**Listed records**
-.-.-

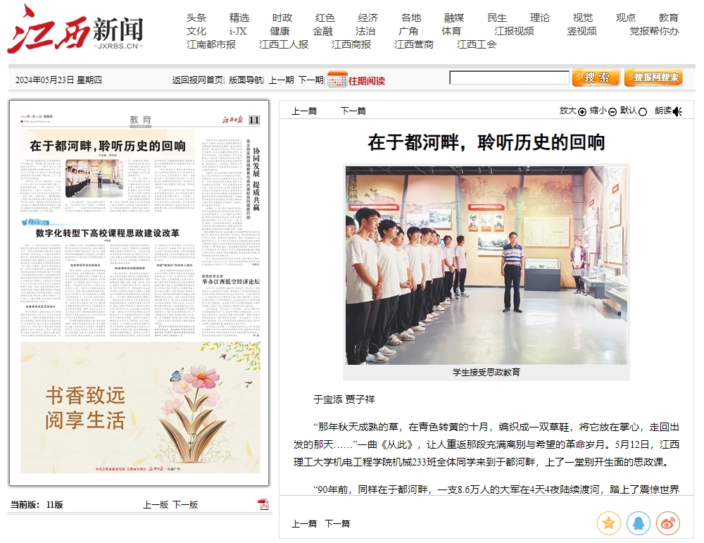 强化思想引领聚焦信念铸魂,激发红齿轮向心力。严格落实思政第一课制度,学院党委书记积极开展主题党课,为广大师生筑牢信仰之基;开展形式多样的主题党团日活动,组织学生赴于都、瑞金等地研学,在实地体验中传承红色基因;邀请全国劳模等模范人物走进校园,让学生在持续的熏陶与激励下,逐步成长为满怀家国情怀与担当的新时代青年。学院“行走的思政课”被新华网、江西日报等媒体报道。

-.-.-

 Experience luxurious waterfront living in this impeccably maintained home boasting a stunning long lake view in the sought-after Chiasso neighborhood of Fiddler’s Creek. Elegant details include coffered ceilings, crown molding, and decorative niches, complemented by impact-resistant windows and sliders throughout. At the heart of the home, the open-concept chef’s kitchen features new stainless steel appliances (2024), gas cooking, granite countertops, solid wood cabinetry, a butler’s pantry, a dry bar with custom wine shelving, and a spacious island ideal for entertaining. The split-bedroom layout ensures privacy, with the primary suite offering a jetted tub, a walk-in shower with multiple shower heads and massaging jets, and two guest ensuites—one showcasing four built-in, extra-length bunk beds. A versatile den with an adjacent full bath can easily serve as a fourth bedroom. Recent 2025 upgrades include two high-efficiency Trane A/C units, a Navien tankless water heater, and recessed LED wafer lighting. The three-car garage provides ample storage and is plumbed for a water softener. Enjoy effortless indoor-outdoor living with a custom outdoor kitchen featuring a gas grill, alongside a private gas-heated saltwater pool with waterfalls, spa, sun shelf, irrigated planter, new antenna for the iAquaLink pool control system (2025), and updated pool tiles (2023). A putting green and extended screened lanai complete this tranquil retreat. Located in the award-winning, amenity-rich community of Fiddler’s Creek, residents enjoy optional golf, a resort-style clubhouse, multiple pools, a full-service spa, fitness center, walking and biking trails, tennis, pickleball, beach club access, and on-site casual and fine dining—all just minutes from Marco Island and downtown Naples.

-.-.-

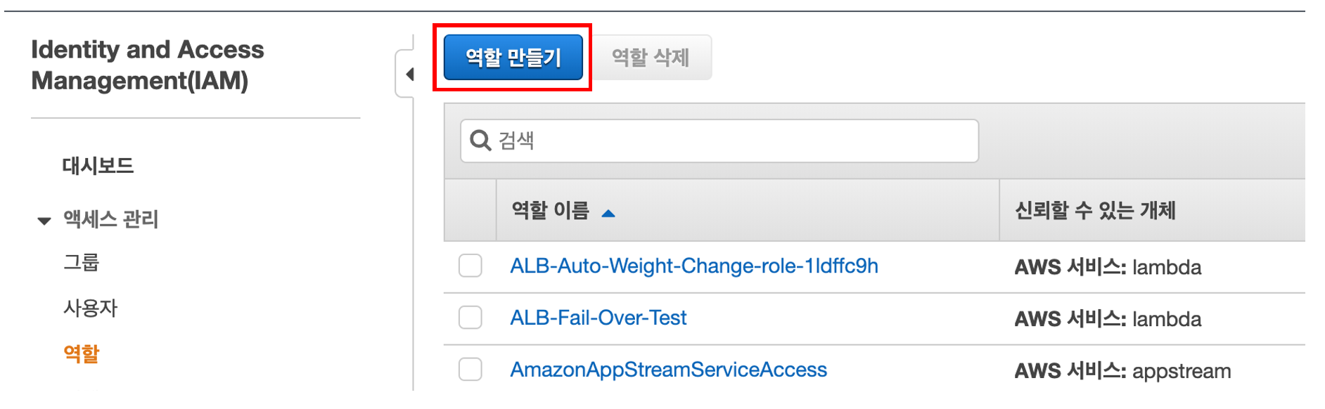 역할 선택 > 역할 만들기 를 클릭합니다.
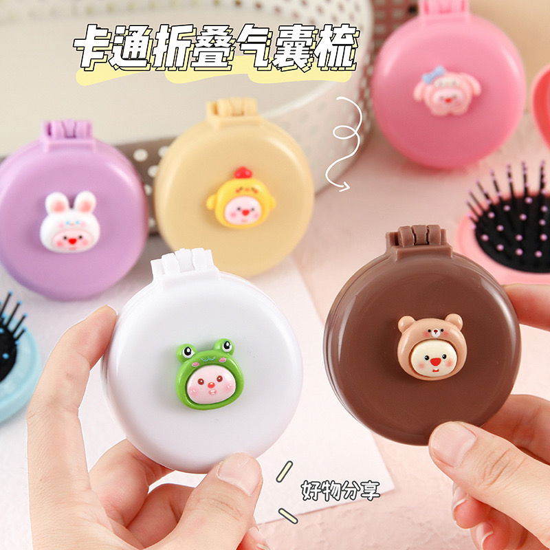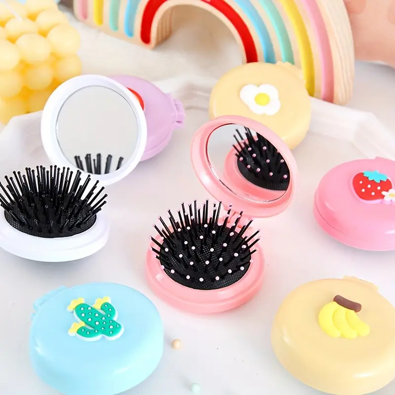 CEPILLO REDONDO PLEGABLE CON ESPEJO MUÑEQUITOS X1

-.-.-

**Exercise requirements**
Look above for the line containing "역할 선택 > 역할 만들기 를 클릭합니다." and the line containing "CEPILLO REDONDO PLEGABLE", then reproduce both and everything between them exactly, pictures omitted.

**Answer below**
 역할 선택 > 역할 만들기 를 클릭합니다.
 CEPILLO REDONDO PLEGABLE CON ESPEJO MUÑEQUITOS X1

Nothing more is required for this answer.